*Instructions for the task*
When you reach the line below that has "The Main lobby", start returning lines exactly, and stop after the line that has "Скляна масельничка з"; skip the pictures.

*Information*
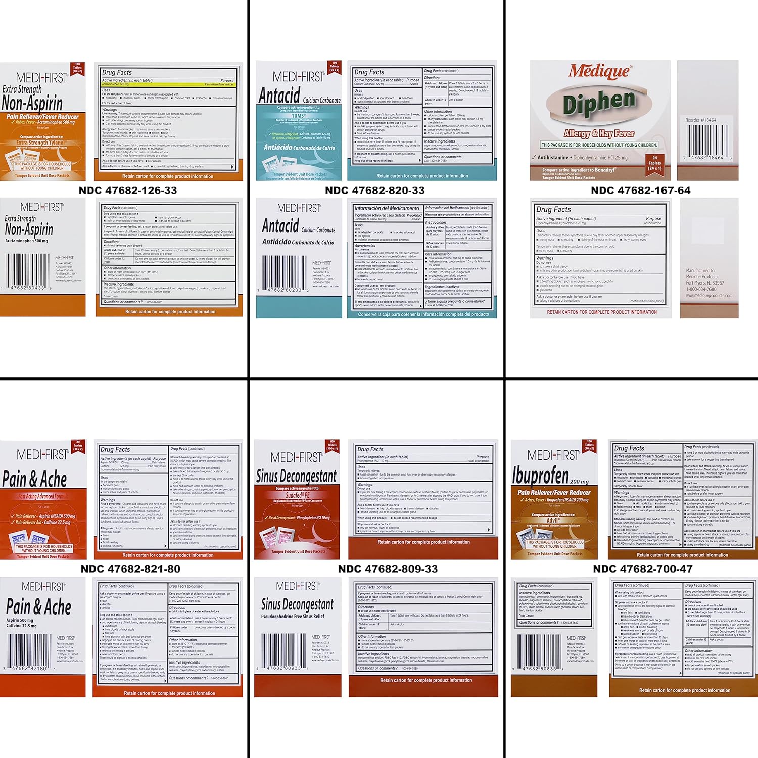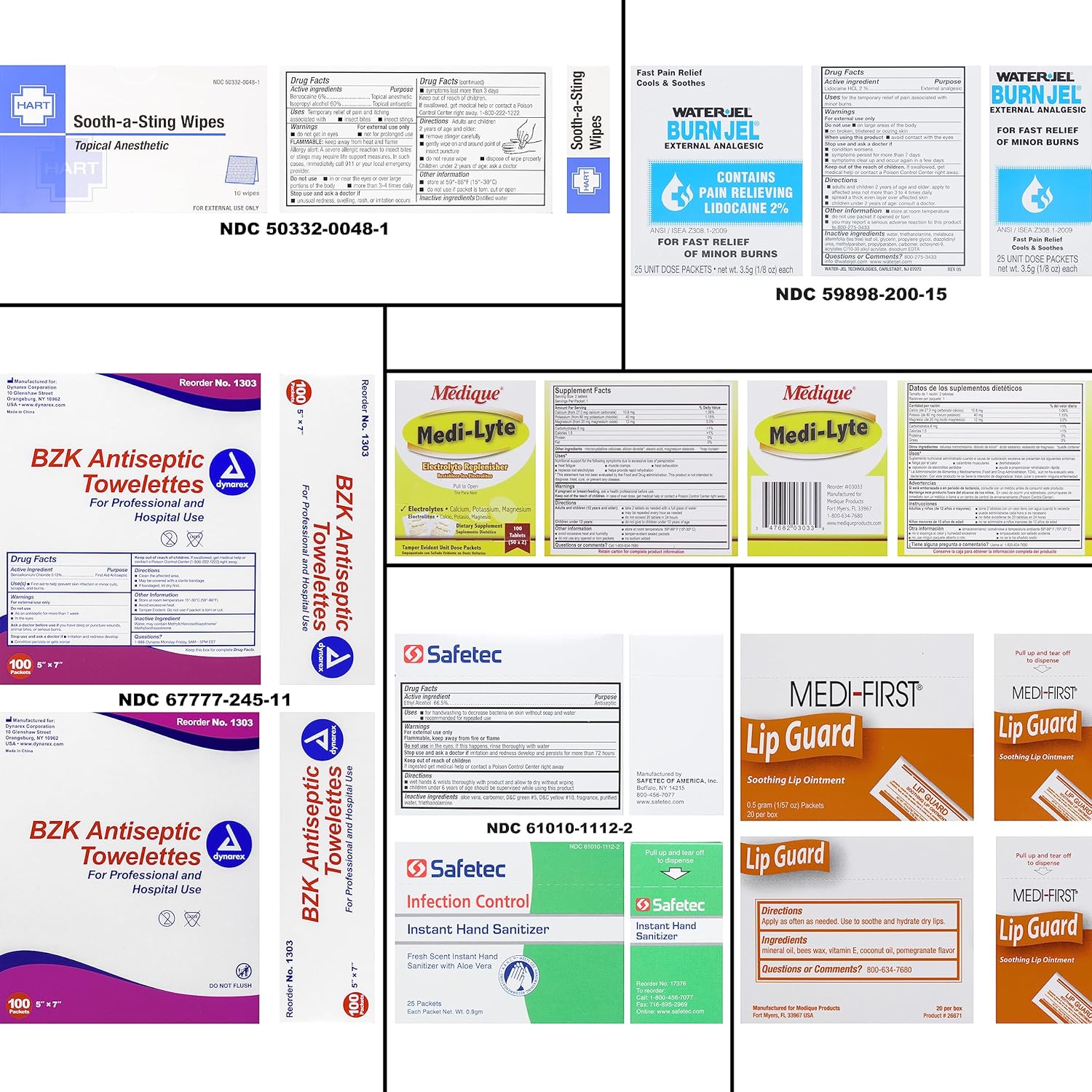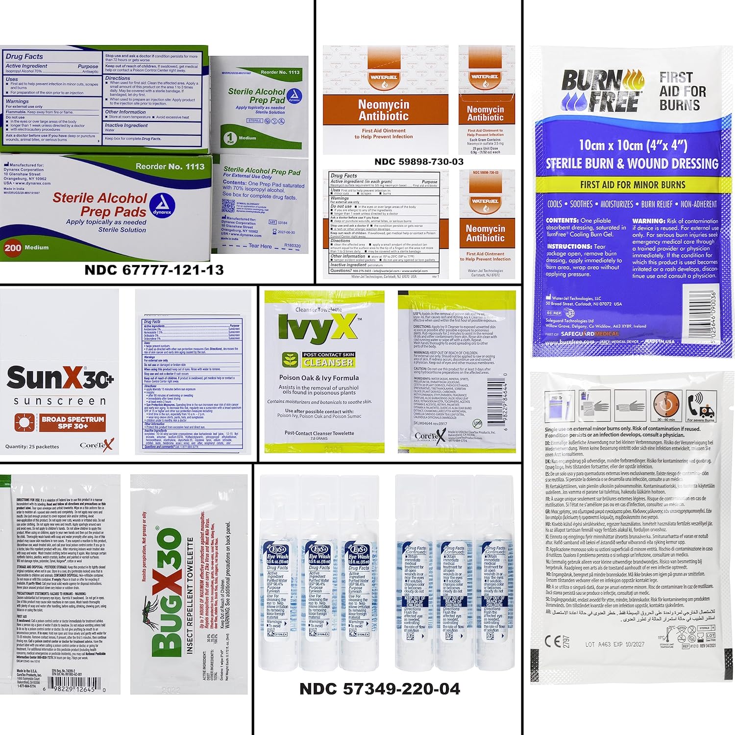 - Included Components : 2 Oval Eye Pads 1 First Aid Guide 2 Pair medical gloves 1 Tweezer 1 Scissor 1 Burn Dressing 4 x 4 1 Triangular Bandage 1 CPR Faceshield 1 Cold Pack 1 Adhesive Tape 1/2 Inch 10 Cotton Tips 2 Pads 3 x 3 2 Combine Surgical Pads 5 x 9 10 Burn Gel Packets 2 Eye Wash 1/2 oz 1 Roll 2 Inch 5 Junior Bandages 3 Spot Bandages 16 Fabric Bandage Strips 3 Butterfly closures 3 Fingertip Bandages 3 Knuckle Bandages 3 Patch Bandages 6 Alcohol Pads 10 Antiseptic Wipes 10 Hand Sanitizer Packets 10 Antibiotic Ointment 6 Sting Relief pads 1 Rescue Blanket 1 Bug X Packets 3 Lip Guard Packets 2 Diphen Packets 1 Ivy Towelette 1 Electrolyte Packet 1 Cool Jel Packet 2 Sunscreen Packet 2 Non Aspirin Packets 2 Ibuprofen Packets 2 Antacid Packets 2 Pain Relief Packets 2 Antihistamine Packets 2 Sinus Relief Packets 2 Oval Eye Pads 1 First Aid Guide 2 Pair medical gloves 1 Tweezer 1 Scissor 1 Burn Dressing 4 x 4 1 Triangular Bandage 1 CPR Faceshield 1 Cold Pack 1 Adhesive Tape 1… See more
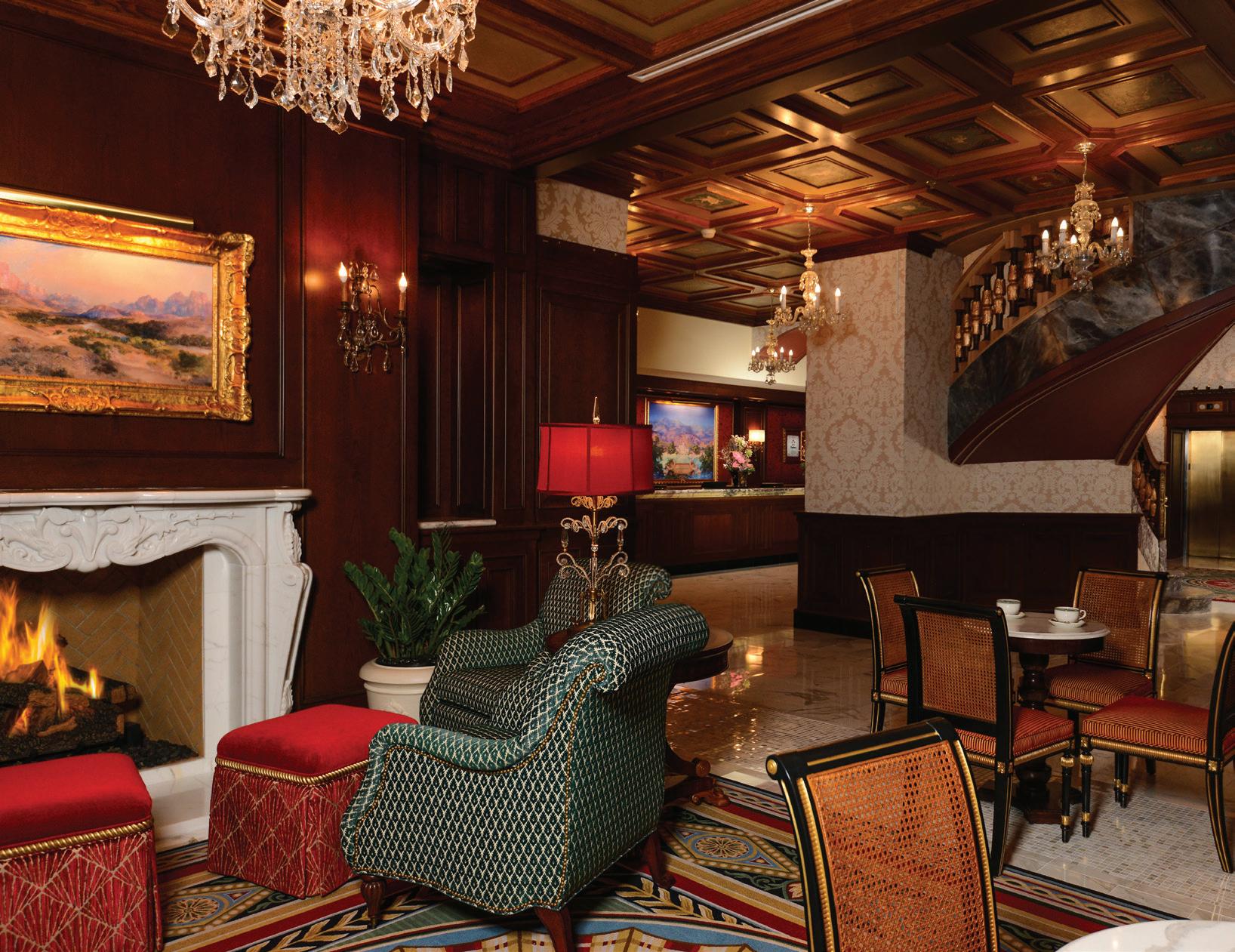 The Main lobby has been expanded and reimagined with welcoming amenities such as plush seating areas around a cozy fireplace and space to conduct business, as well as a grand floating staircase and entry that honors all the historic elements that guests expect.
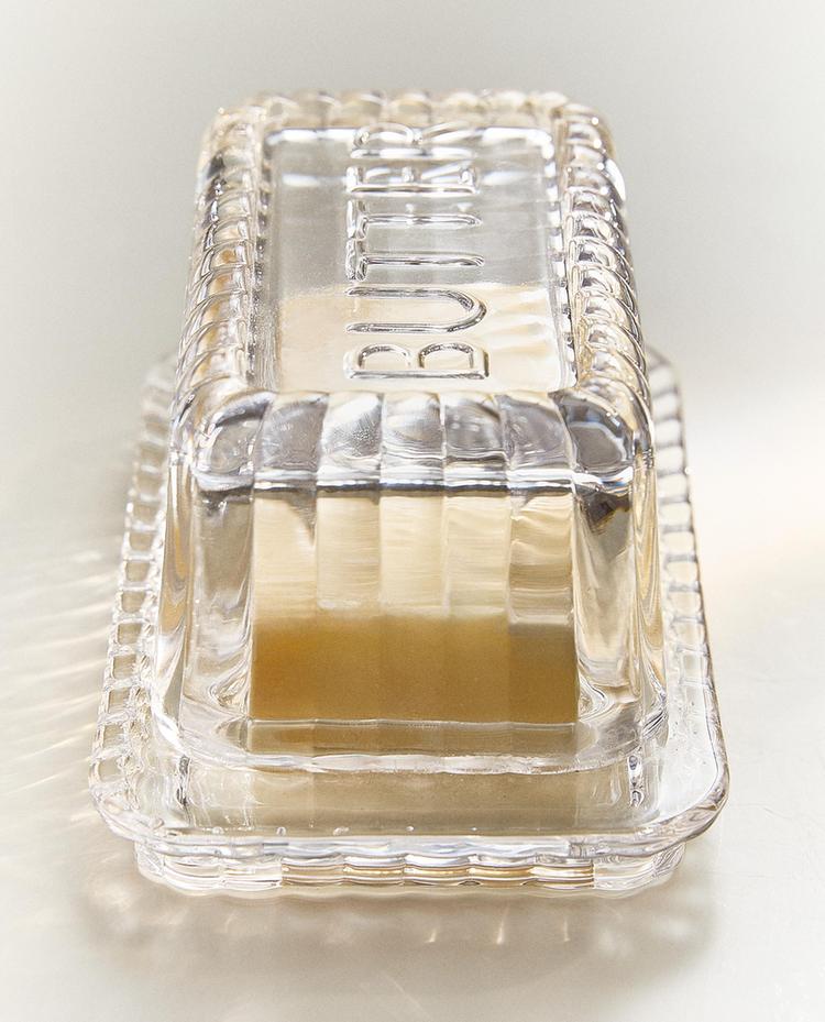 Скляна масельничка з кришкою, рельєфним візерунком у смужку й написом «BUTTER».
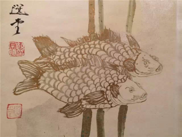 饶宗颐《金荷双鲤》(局部),“学艺融通——饶宗颐百岁艺术展”展品
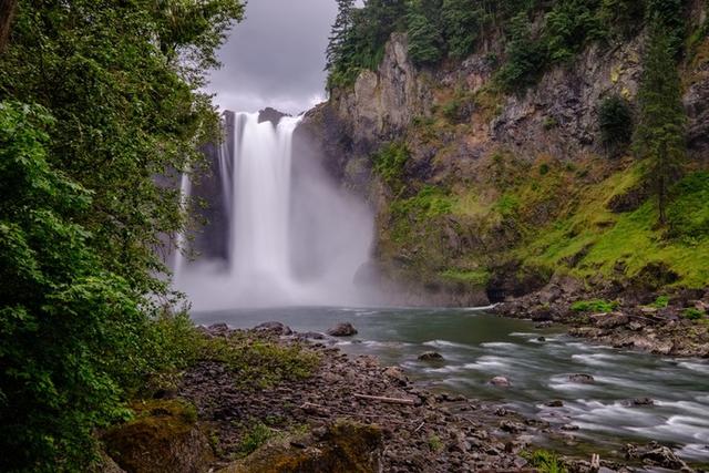你可以沿着古树丛生的步道前行,眼前白色的水幕如闪电劈空,砸在突出的岩石之上,激荡的水花折射出一片片惨烈的白,闪耀着万缕光辉,而汹涌的巨流,气势千钧,重重地落进深潭之中,向大家展现着西雅图的另一种性格。

*Response for this exercise*
 The Main lobby has been expanded and reimagined with welcoming amenities such as plush seating areas around a cozy fireplace and space to conduct business, as well as a grand floating staircase and entry that honors all the historic elements that guests expect.
 Скляна масельничка з кришкою, рельєфним візерунком у смужку й написом «BUTTER».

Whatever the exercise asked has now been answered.